Treinos rápidos, mas frequentes: a ascensão do “exercise snacking” transforma a relação dos brasileiros com a atividade física
Com horários ampliados e estruturas pensadas para otimizar o tempo, academias acompanham o crescimento dos chamados “treinos de oportunidade”
A ideia de que é preciso reservar uma ou duas horas do dia para frequentar a academia já não reflete a realidade de muitos brasileiros. Entre trabalho, deslocamentos, compromissos familiares e uma agenda cada vez mais dinâmica, cresce o número de pessoas que aproveitam pequenas janelas livres para praticar atividade física.
A tendência, conhecida internacionalmente como exercise snacking, propõe a realização de exercícios em períodos mais curtos ao longo do dia. Mas, para além do conceito, ela revela uma mudança importante no comportamento dos alunos: a busca por modalidades e academias que permitam encaixar o treino de forma prática na rotina.
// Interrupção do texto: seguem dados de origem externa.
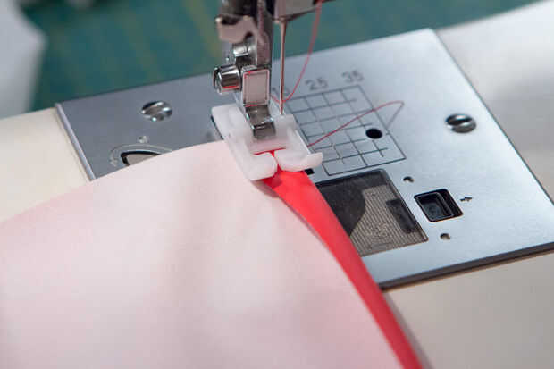 • Se recomienda utilizar un prensatelas de rodillo del pie cuando tapa-que cose telas imitación de cuero o vinilo.

O interesse pelo tema também tem crescido no meio acadêmico. Em revisão publicada, em 2025, na revista científica Healthcare, pesquisadores avaliaram 26 estudos sobre o chamado exercise snacking e concluíram que a estratégia pode gerar benefícios para a saúde cardiometabólica e ajudar a combater os efeitos do comportamento sedentário, especialmente entre pessoas com dificuldade de manter uma rotina tradicional de exercícios.
Segundo Leandro Twin, da BlueFit, a flexibilidade passou a ser um dos fatores mais relevantes na adesão e permanência dos alunos. “Hoje, muitas pessoas não conseguem estabelecer um horário fixo para treinar. É comum encontrarmos alunos que aproveitam o intervalo do almoço, uma reunião cancelada, o período entre dois compromissos ou até mesmo horários alternativos, como o início da manhã ou o final da noite. Quanto mais fácil for encaixar a atividade física na rotina, maiores são as chances de criar consistência”, explica.
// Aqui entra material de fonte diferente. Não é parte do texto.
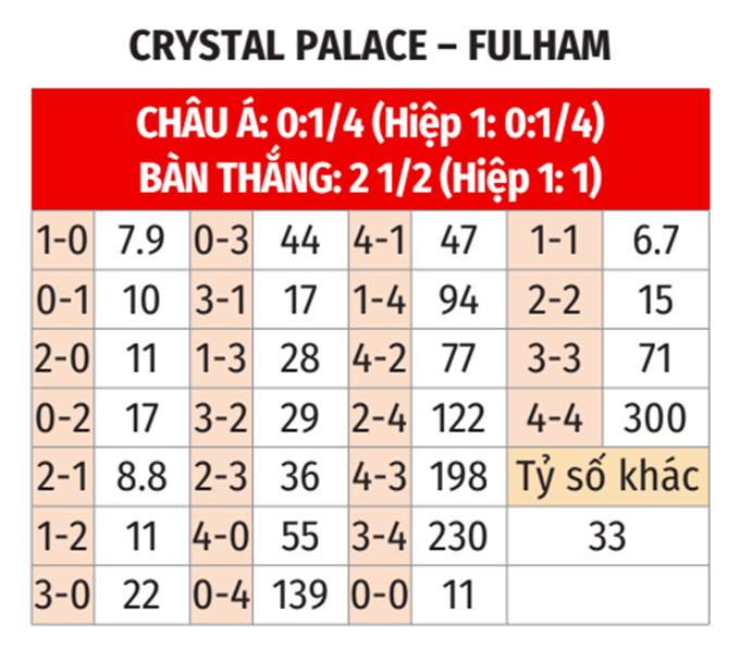 - Lẻ bàn thắng: Cả 2 cuộc đối đầu gần nhất, 8/10 trận gần đây của Crystal Palace và 9/10 trận vừa qua của Fulham đều khép lại với tổng bàn thắng là lẻ. Ngoài ra, 5/7 chuyến làm khách gần đây của Fulham cũng có tổng bàn thắng không chia hết cho 2.

Nesse cenário, a infraestrutura das academias se torna um diferencial importante. Ambientes com ampla oferta de equipamentos, diversidade de modalidades e horários estendidos ajudam a reduzir barreiras que frequentemente afastam as pessoas da prática regular.
Com mais de 200 unidades espalhadas pelo país, a BlueFit vem acompanhando essa transformação ao oferecer academias estrategicamente localizadas, horários amplos de funcionamento e uma estrutura que favorece a fluidez dos treinos mesmo nos períodos de maior movimento.
“Ninguém quer perder metade do tempo disponível esperando um equipamento desocupar. Quando a academia possui uma quantidade adequada de máquinas e uma operação eficiente, o aluno consegue realizar um treino completo em menos tempo, o que faz toda a diferença para quem tem uma rotina corrida”, afirma Twin.
Além da musculação, a possibilidade de escolher entre diferentes modalidades e horários de aulas também contribui para que cada aluno encontre a melhor forma de se manter ativo.
A mudança reflete um novo entendimento sobre a prática de exercícios: mais importante do que cumprir um padrão rígido é encontrar formas sustentáveis de manter o movimento ao longo da semana.
“Nem todo mundo terá disponibilidade para treinar uma hora e meia todos os dias, e isso não deveria ser um impedimento para cuidar da saúde. O importante é que as pessoas encontrem uma rotina viável e que consigam manter no longo prazo. A atividade física precisa se adaptar à vida das pessoas, e não o contrário”, conclui o especialista.